Was bedeutet keine lebensverlängernden Maßnahmen?

Für Patienten und an einer Verfügung Interessierte bedeutet dies, dass sie sich für den Sterbefall aktiv mit ihrem Willen, den entsprechenden medizinischen Maßnahmen und den hierzu notwendigen Formulierungen auseinandersetzen müssen, um die Verfügung bindend und rechtssicher zu gestalten.

Was passiert, wenn ein Demenzkranker nicht mehr schlucken kann?
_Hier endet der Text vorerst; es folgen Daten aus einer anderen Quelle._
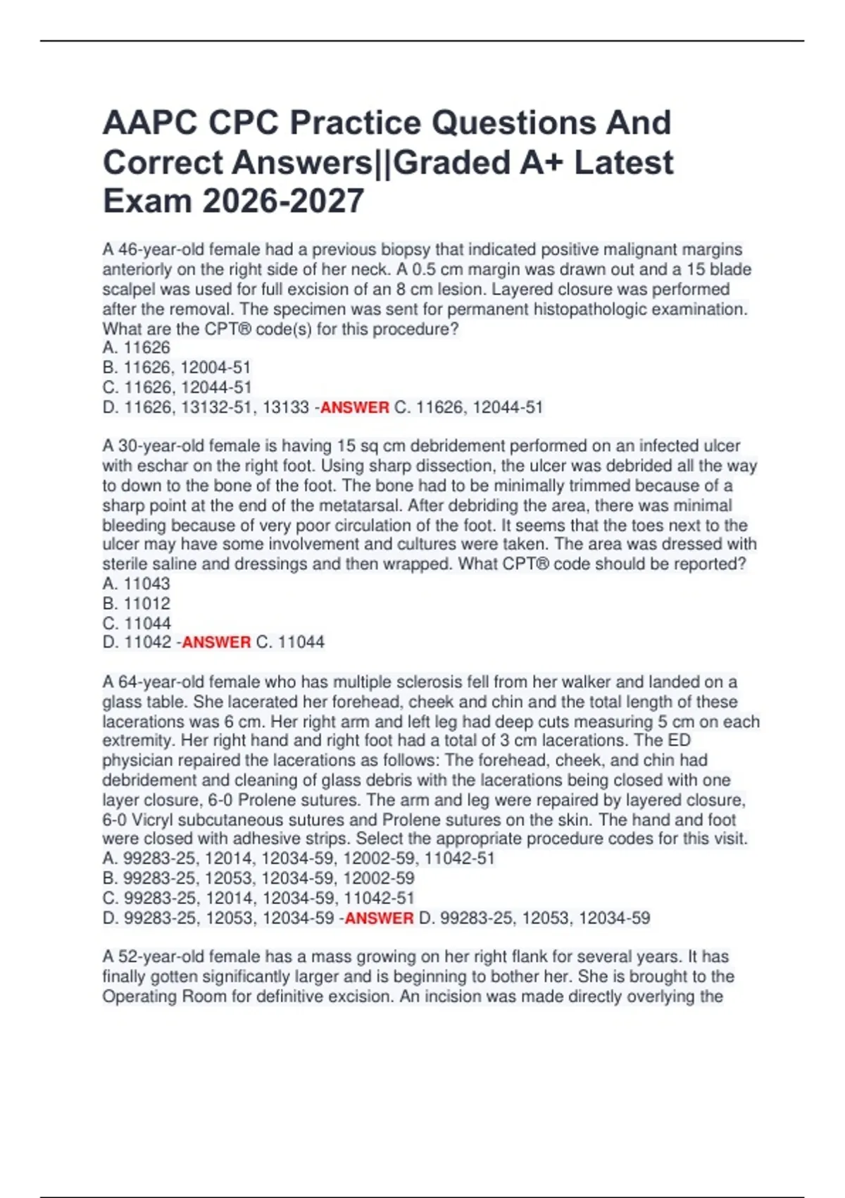 AAPC CPC Practice Questions And Correct Answers||Graded A+ Latest Exam
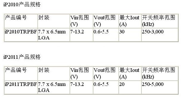 iP2010的輸入電壓范圍為7V至13.2V,輸出電壓范圍則為0.6V至5.5V,輸出電流高達30A。這個器件最高運行頻率為3MHz。在5MHz運行時,與iP2010引腳兼容的iP2011備有相同的輸入和輸出電壓范圍,但后者經(jīng)過優(yōu)化,從而使最高輸出電流高達20A。通過以通用占位面積提供多種電流額定值器件,IR提供的靈活性能夠滿足不同客戶對電流水平、性能和成本的要求。
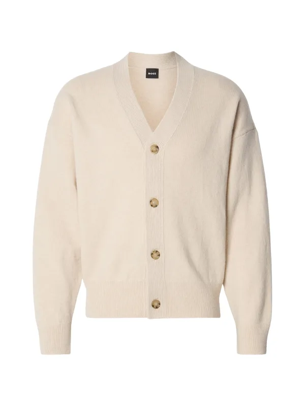 Gebreid herenjack van BOSS;Model 'C-Ucone';Look: effen;Pasvorm: Regular fit ;Sluiting: enkele knoopsluiting;Hals: V-hals;Mouwvorm: lange mouwen;Mouwboord: geribd;Rompzoom: geribd;Materiaalverwerking: Knitwear;Materiaal: zuivere scheerwol
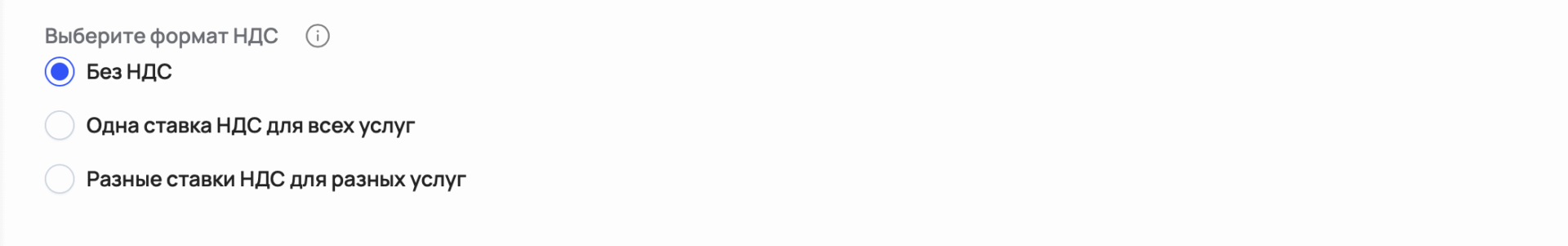 Далее нужно выбрать формат НДС. По кнопке «i» можно посмотреть подробные описания всех форматов.
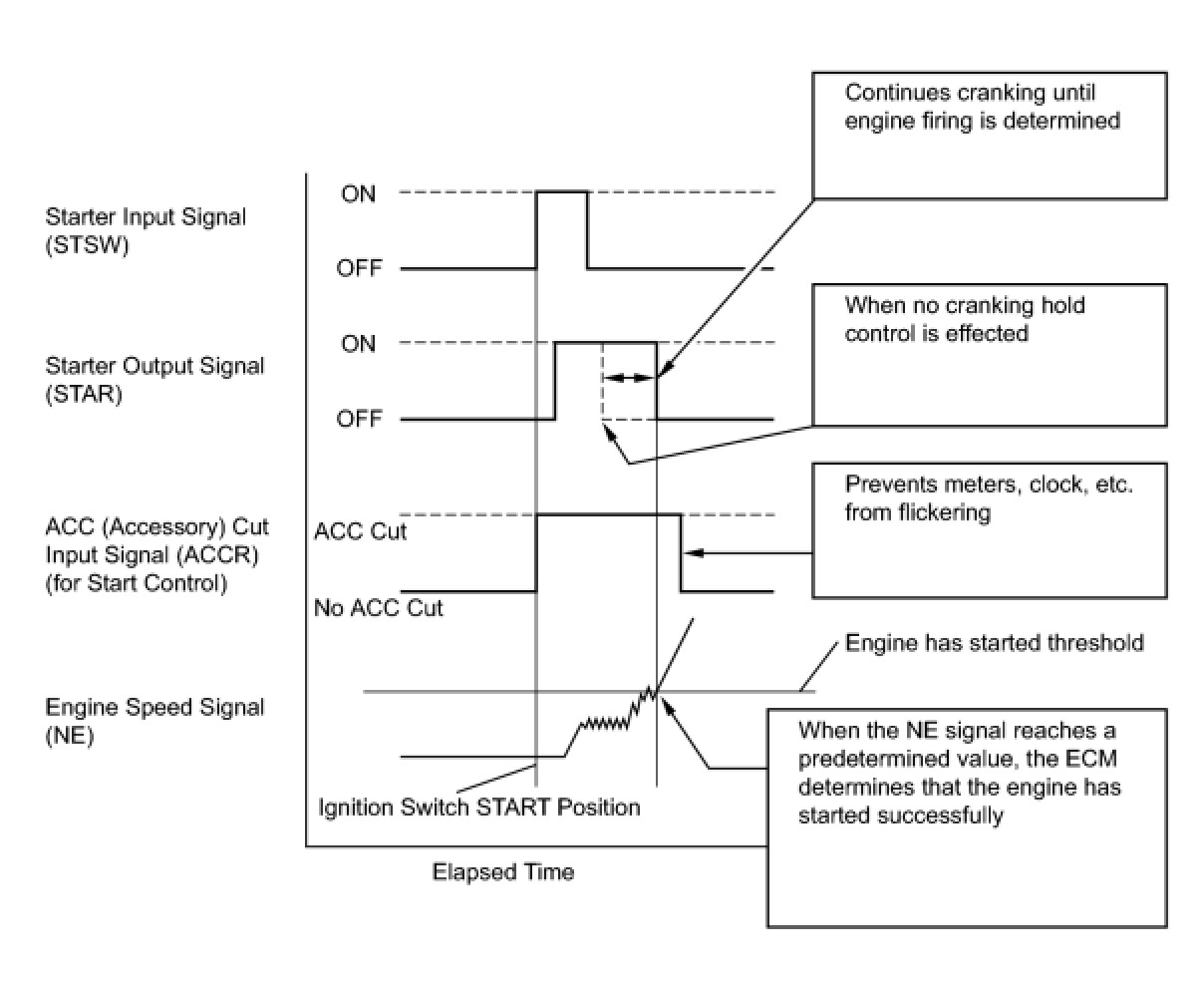 The cranking holding control system keeps energizing the ST relay after the ECM detects the starter signal (STSW signal) from the main body ECU until the ECM performs a judgment of "Engine started". Furthermore, the ECM outputs an accessory cut signal (ACCR signal) to the ACC CUT relay during cranking to prevent flickering of the combination meter, clock, audio system, and other areas.
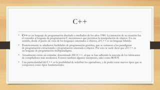 Los tipos de datos en C++ incluyen enteros (short, int, long), números en coma flotante (float, double, long double), caracteres, booleanos y vacío. Los tipos derivados se forman a partir de los tipos primitivos y pueden incluir clases y objetos. Cada tipo de dato primitivo ocupa un número específico de bits dependiendo de la arquitectura, y los tipos se pueden modificar con signed, unsigned, short y long para variar el rango y tamaño.

Die Lungenentzündung ist eins der größten Risiken, die mit einer Schluckstörung verbunden sind. Für ältere Menschen verläuft eine solche Infektion nicht selten tödlich. Auch Mangelernährung und die Unterversorgung mit Flüssigkeit (Exsikkose) können eine gravierende Folge von Schluckstörungen sein.

Was bedeutet es, wenn alte Menschen nicht mehr essen wollen?
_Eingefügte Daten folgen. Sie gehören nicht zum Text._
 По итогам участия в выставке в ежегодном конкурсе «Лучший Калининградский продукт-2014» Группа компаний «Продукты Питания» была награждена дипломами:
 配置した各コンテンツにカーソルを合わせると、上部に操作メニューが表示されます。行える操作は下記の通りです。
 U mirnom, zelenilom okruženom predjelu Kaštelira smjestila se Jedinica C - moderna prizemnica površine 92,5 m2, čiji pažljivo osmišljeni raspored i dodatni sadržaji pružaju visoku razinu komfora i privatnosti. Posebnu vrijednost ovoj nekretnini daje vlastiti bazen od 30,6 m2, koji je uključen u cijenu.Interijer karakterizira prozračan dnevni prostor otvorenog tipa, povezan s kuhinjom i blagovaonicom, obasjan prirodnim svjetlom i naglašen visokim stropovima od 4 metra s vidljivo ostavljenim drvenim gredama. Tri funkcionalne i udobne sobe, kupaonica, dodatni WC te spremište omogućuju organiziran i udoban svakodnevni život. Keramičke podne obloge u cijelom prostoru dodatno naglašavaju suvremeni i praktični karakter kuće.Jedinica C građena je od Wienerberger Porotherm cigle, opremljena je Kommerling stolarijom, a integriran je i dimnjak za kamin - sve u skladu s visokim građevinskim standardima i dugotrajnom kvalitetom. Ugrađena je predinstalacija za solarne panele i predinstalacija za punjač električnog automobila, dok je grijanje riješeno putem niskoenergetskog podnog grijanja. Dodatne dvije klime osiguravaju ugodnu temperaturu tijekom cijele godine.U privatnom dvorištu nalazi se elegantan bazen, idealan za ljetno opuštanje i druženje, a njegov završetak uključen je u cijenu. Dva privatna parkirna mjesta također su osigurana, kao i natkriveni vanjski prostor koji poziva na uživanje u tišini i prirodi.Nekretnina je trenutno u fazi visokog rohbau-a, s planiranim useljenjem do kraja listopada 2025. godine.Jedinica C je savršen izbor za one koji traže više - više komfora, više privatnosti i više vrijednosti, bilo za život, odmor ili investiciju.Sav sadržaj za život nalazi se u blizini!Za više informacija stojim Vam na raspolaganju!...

Wenn alte Menschen nicht mehr essen wollen, kann das viele Ursachen haben, von normalen Alterungsprozessen (veränderter Stoffwechsel, nachlassender Geruchs-/Geschmackssinn) über gesundheitliche Probleme (Zahnprobleme, Medikamentennebenwirkungen, Demenz, Krankheiten) bis hin zu psychischen Faktoren (Einsamkeit, Depression), wobei am Lebensende Appetitlosigkeit ein natürlicher Teil des Sterbeprozesses sein kann, wenn der Körper Nahrung nicht mehr verarbeiten kann und Essen zur Belastung wird. Ein Arztbesuch ist bei länger andauernder Appetitlosigkeit ratsam, um die genaue Ursache abzuklären und Mangelernährung zu vermeiden.
 

Wie lange vor dem Tod erfolgt Palliativpflege?
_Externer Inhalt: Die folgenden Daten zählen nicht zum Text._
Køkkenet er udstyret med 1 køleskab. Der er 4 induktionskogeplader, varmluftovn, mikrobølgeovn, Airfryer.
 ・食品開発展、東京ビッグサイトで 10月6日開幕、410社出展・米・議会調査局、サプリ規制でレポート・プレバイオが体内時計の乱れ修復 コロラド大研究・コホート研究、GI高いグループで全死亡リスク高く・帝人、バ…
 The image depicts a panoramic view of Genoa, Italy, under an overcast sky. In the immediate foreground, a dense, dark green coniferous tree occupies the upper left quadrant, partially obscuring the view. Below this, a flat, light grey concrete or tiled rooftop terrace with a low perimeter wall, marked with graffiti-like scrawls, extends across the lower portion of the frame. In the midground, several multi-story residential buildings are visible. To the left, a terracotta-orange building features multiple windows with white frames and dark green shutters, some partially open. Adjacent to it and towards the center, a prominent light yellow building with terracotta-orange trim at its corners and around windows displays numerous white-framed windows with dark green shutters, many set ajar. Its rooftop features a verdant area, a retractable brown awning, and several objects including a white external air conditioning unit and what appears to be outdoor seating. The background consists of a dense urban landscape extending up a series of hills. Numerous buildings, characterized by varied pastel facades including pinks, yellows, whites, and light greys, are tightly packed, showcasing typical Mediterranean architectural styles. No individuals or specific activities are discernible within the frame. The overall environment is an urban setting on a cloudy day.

Eine palliative Versorgung kann sehr früh beginnen und sich über viele Monate, manchmal auch Jahre hinziehen. "Palliativ" heißt also nicht, dass es nur noch um Tage und Wochen geht. Die verbleibende Lebenszeit von unheilbar erkrankten Menschen kann in verschiedene Phasen unterteilt werden.

Was sind Mischinfusionen in der Palliativmedizin?

In der Palliativmedizin ist es üblich, zwei oder mehr Arzneimittel zur kontinuierlichen Infusion miteinander zu mischen, um die Belastung für die Patienten so gering wie möglich zu halten.